Provided material:
□ □ □
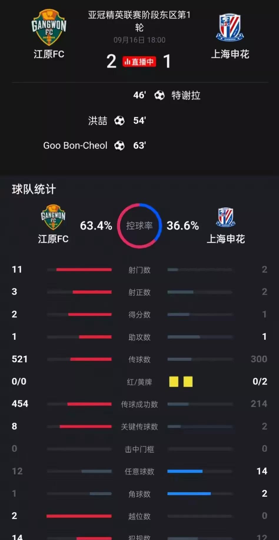 失去中场控制 很难赢球 低的可怜的控球率 上海申花不输才怪呢 #分享城市新鲜事# 上海申花对阵韩国K联赛江原fc,虽然上半场凭借特谢拉的一己之力帮助上海申花1-0领先对手,这也是对手经验不足送给了上海申花一次机会,这机会也就是特谢拉,要是换成其他人,就是射N遍,也不一定能打进去。 下半场一球落后的江原fc绝不可能在自己的主场吞下失败的苦果。 他们通过换人,利用拼抢和控球能力,压制住了上海申花的进攻,牢牢抓住了主动权,比赛节奏被江原所控制。 从控球率就能看出来,上海申花的控球率仅仅36.6%,对手高达63.4%,如此悬殊的控球率,也就难怪下半场江原fc七分钟内连入两球反超比分。 从11-3的射门数也能看出江原的进攻更盛,完全压制住了上海申花的进攻。 特别是上海申花第70分钟就换下中场大将特谢拉和后防高天意,控球更不行。没有了中场的梳理,上海申花赖以反击的机会都少的可怜。 不过,在路易斯、米内罗等主力球员缺席比赛的情况下,能够客场一球小负,上海申花应该能够接受。 #亚冠# #亚冠精英赛# #上海申花# #中超领头羊申花# #申花队# #上海申花超话# #申花亚冠# #申花若能赢球# #申花米内罗# #上海身边事# #青岛身边事# #成都身边事#
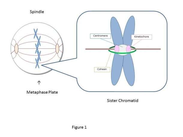 復(fù)制的染色體通過稱為粘連蛋白(綠色)的環(huán)狀蛋白質(zhì)配對在一起,成為姐妹染色單體。一個(gè)姐妹染色單體中有兩個(gè)動粒(粉紅色:sister kinetochores),當(dāng)從相反紡錘極伸出的繩狀微管抓住每個(gè)動粒時(shí),就會產(chǎn)生張力,染色體在中期板上對齊。圖片來源:早稻田大學(xué)寺田實(shí)驗(yàn)室
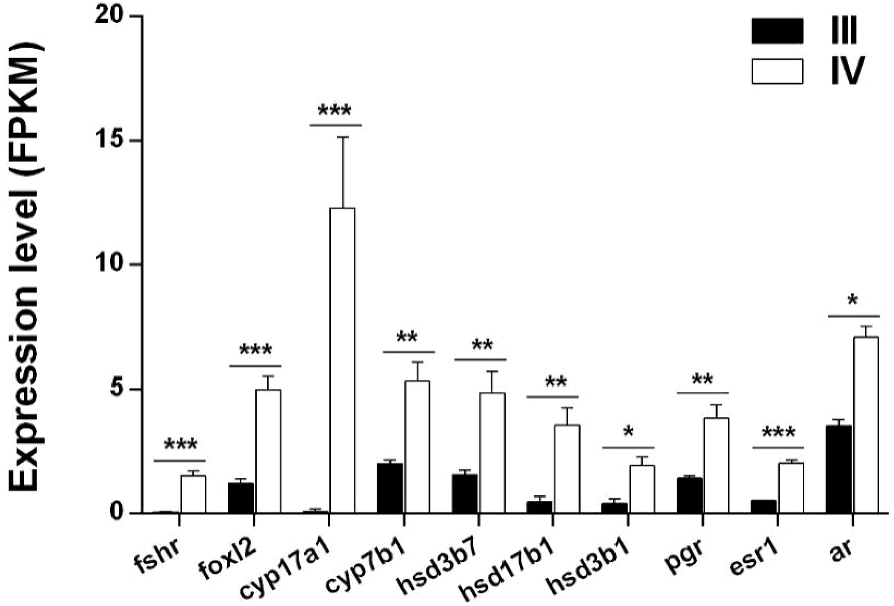 Histogram showing the expression of DEGs (log2 (FC) >1 and FDR <0.05) involved in steroid hormone synthesis in stage III and IV ovarian growth and development of S. argus. The data is based on the FPKM values obtained from the RNA-seq data. *, P<0.05; **, P<0.01; ***, P<0.001.
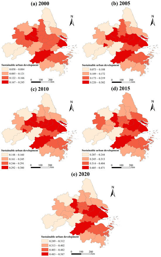 Using the natural discontinuity method in ArcGIS10.2, the evaluation results of urbanization and urban sustainable development level were divided into four levels (Figure 3 and Figure 4). Figure 3 shows the changing trend in the urbanization level in the YRD from 2000 to 2020. The findings show that the urbanization level of each city continuously improved, and had significant spatial differences. Typically, the urbanization level of core cities such as Shanghai, Nanjing, Hangzhou, and Suzhou, was the highest. Industrialization and marketization have significantly promoted the urbanization development. By 2020, the urbanization level of central cities became more prominent, with significant polarization characteristics. However, Yancheng and Taizhou in Jiangsu, Chuzhou and Xuancheng in Anhui, and other peripheral cities showed a low level of economic development owing to a lack of agglomeration capacity for factors such as labor, resources, and funding. Compared to the urbanization development of central cities, they also showed a gap. This is because resource endowment and location conditions directly affect the performance of these cities. In future, initiatives should be implemented to undertake industrial spillovers of central cities and accept their development radiation. It is also necessary to coordinate development, infrastructure interconnection, and public service integration towards the “new normal” to improve the level of sustainable urbanization. The overall pattern of sustainable development follows a “core-periphery” circular distribution, wherein primary cities in the YRD form the center of urban agglomeration, surrounded by other cities.
□ □ □
What you should do: Drop the images and repeat the data exactly.

Response area:
 失去中场控制 很难赢球 低的可怜的控球率 上海申花不输才怪呢 #分享城市新鲜事# 上海申花对阵韩国K联赛江原fc,虽然上半场凭借特谢拉的一己之力帮助上海申花1-0领先对手,这也是对手经验不足送给了上海申花一次机会,这机会也就是特谢拉,要是换成其他人,就是射N遍,也不一定能打进去。 下半场一球落后的江原fc绝不可能在自己的主场吞下失败的苦果。 他们通过换人,利用拼抢和控球能力,压制住了上海申花的进攻,牢牢抓住了主动权,比赛节奏被江原所控制。 从控球率就能看出来,上海申花的控球率仅仅36.6%,对手高达63.4%,如此悬殊的控球率,也就难怪下半场江原fc七分钟内连入两球反超比分。 从11-3的射门数也能看出江原的进攻更盛,完全压制住了上海申花的进攻。 特别是上海申花第70分钟就换下中场大将特谢拉和后防高天意,控球更不行。没有了中场的梳理,上海申花赖以反击的机会都少的可怜。 不过,在路易斯、米内罗等主力球员缺席比赛的情况下,能够客场一球小负,上海申花应该能够接受。 #亚冠# #亚冠精英赛# #上海申花# #中超领头羊申花# #申花队# #上海申花超话# #申花亚冠# #申花若能赢球# #申花米内罗# #上海身边事# #青岛身边事# #成都身边事#
 復(fù)制的染色體通過稱為粘連蛋白(綠色)的環(huán)狀蛋白質(zhì)配對在一起,成為姐妹染色單體。一個(gè)姐妹染色單體中有兩個(gè)動粒(粉紅色:sister kinetochores),當(dāng)從相反紡錘極伸出的繩狀微管抓住每個(gè)動粒時(shí),就會產(chǎn)生張力,染色體在中期板上對齊。圖片來源:早稻田大學(xué)寺田實(shí)驗(yàn)室
 Histogram showing the expression of DEGs (log2 (FC) >1 and FDR <0.05) involved in steroid hormone synthesis in stage III and IV ovarian growth and development of S. argus. The data is based on the FPKM values obtained from the RNA-seq data. *, P<0.05; **, P<0.01; ***, P<0.001.
 Using the natural discontinuity method in ArcGIS10.2, the evaluation results of urbanization and urban sustainable development level were divided into four levels (Figure 3 and Figure 4). Figure 3 shows the changing trend in the urbanization level in the YRD from 2000 to 2020. The findings show that the urbanization level of each city continuously improved, and had significant spatial differences. Typically, the urbanization level of core cities such as Shanghai, Nanjing, Hangzhou, and Suzhou, was the highest. Industrialization and marketization have significantly promoted the urbanization development. By 2020, the urbanization level of central cities became more prominent, with significant polarization characteristics. However, Yancheng and Taizhou in Jiangsu, Chuzhou and Xuancheng in Anhui, and other peripheral cities showed a low level of economic development owing to a lack of agglomeration capacity for factors such as labor, resources, and funding. Compared to the urbanization development of central cities, they also showed a gap. This is because resource endowment and location conditions directly affect the performance of these cities. In future, initiatives should be implemented to undertake industrial spillovers of central cities and accept their development radiation. It is also necessary to coordinate development, infrastructure interconnection, and public service integration towards the “new normal” to improve the level of sustainable urbanization. The overall pattern of sustainable development follows a “core-periphery” circular distribution, wherein primary cities in the YRD form the center of urban agglomeration, surrounded by other cities.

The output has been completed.